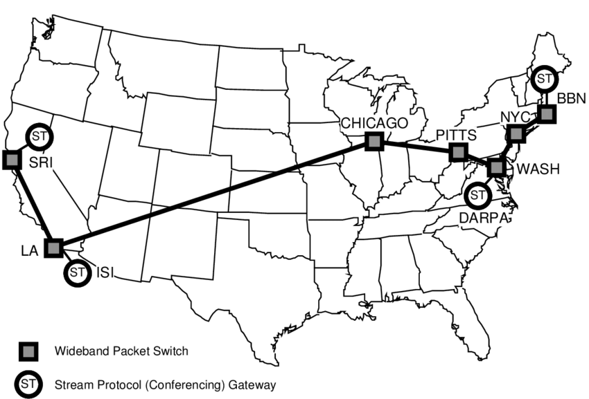 Terrestrial Wideband Internet nodes and conference sites.
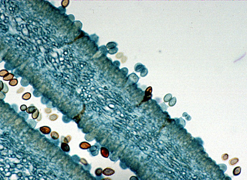 Light micrograph of a cross section of the gills of Coprinus, showing the hymenium with basidia
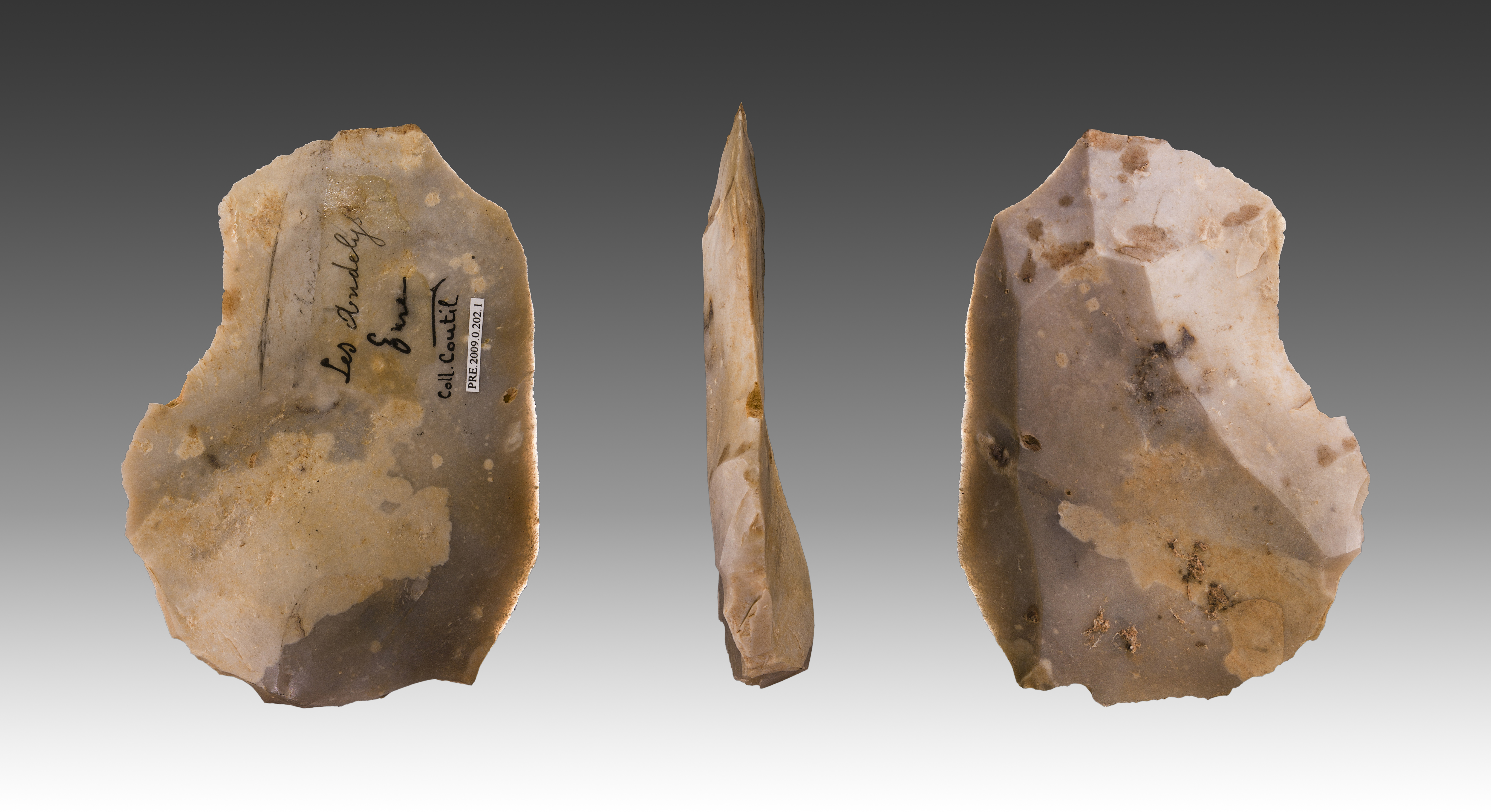 Eclat Levallois - Different views of the same specimen.

○ ○ ○ ○

(Assignment):
Give the data above again, exactly and completely. No pictures go in.

(Answer):
 Terrestrial Wideband Internet nodes and conference sites.
 Light micrograph of a cross section of the gills of Coprinus, showing the hymenium with basidia
 Eclat Levallois - Different views of the same specimen.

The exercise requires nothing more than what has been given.